EXERCISE: From the line containing "6 февраля 2026г." to the last line of the records below, transcribe everything exactly, pictures excluded.

DATA FOR THE TASK:
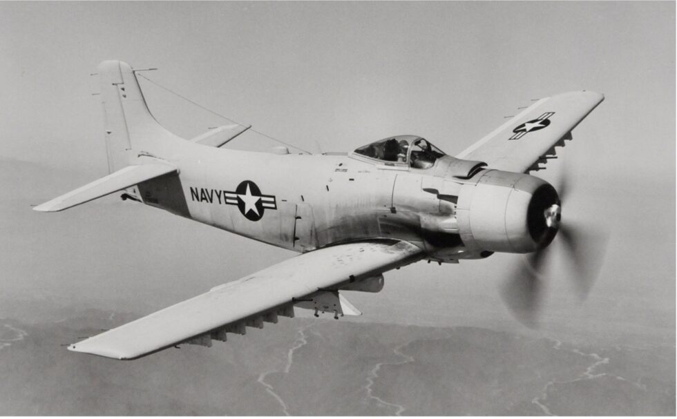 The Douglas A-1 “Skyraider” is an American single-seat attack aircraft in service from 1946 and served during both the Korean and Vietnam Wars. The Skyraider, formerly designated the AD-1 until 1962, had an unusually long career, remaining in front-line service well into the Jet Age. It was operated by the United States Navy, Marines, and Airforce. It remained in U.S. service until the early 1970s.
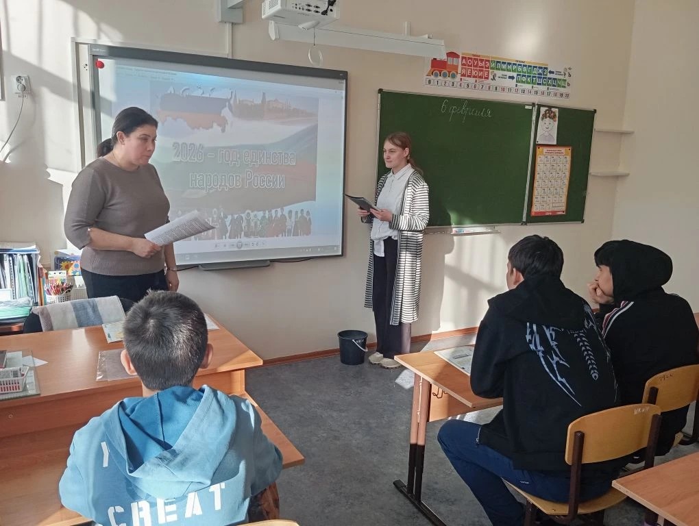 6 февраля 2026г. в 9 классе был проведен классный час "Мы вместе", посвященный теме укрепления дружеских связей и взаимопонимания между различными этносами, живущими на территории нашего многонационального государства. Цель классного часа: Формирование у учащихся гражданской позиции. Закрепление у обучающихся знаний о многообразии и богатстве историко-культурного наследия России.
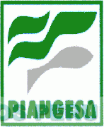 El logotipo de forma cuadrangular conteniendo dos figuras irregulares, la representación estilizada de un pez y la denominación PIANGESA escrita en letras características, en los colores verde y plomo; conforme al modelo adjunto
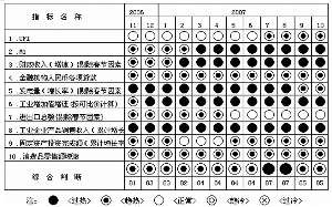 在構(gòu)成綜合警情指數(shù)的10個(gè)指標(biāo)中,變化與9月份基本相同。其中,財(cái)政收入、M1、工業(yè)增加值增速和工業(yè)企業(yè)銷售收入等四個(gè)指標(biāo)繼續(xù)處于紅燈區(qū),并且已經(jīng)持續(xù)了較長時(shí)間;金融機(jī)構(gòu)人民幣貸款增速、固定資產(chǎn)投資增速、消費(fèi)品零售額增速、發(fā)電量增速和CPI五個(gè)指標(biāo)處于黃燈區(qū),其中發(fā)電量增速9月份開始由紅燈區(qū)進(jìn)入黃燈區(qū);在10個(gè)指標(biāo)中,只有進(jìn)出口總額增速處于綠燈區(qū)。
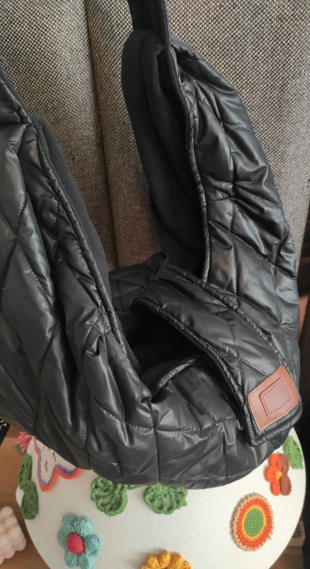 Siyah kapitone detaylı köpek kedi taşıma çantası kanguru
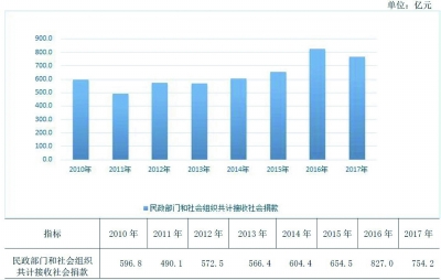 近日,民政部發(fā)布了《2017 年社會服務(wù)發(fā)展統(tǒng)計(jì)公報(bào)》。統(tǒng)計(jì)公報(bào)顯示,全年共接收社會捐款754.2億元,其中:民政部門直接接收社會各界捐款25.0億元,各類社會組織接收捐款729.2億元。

WRITTEN RESPONSE:
 6 февраля 2026г. в 9 классе был проведен классный час "Мы вместе", посвященный теме укрепления дружеских связей и взаимопонимания между различными этносами, живущими на территории нашего многонационального государства. Цель классного часа: Формирование у учащихся гражданской позиции. Закрепление у обучающихся знаний о многообразии и богатстве историко-культурного наследия России.
 El logotipo de forma cuadrangular conteniendo dos figuras irregulares, la representación estilizada de un pez y la denominación PIANGESA escrita en letras características, en los colores verde y plomo; conforme al modelo adjunto
 在構(gòu)成綜合警情指數(shù)的10個(gè)指標(biāo)中,變化與9月份基本相同。其中,財(cái)政收入、M1、工業(yè)增加值增速和工業(yè)企業(yè)銷售收入等四個(gè)指標(biāo)繼續(xù)處于紅燈區(qū),并且已經(jīng)持續(xù)了較長時(shí)間;金融機(jī)構(gòu)人民幣貸款增速、固定資產(chǎn)投資增速、消費(fèi)品零售額增速、發(fā)電量增速和CPI五個(gè)指標(biāo)處于黃燈區(qū),其中發(fā)電量增速9月份開始由紅燈區(qū)進(jìn)入黃燈區(qū);在10個(gè)指標(biāo)中,只有進(jìn)出口總額增速處于綠燈區(qū)。
 Siyah kapitone detaylı köpek kedi taşıma çantası kanguru
 近日,民政部發(fā)布了《2017 年社會服務(wù)發(fā)展統(tǒng)計(jì)公報(bào)》。統(tǒng)計(jì)公報(bào)顯示,全年共接收社會捐款754.2億元,其中:民政部門直接接收社會各界捐款25.0億元,各類社會組織接收捐款729.2億元。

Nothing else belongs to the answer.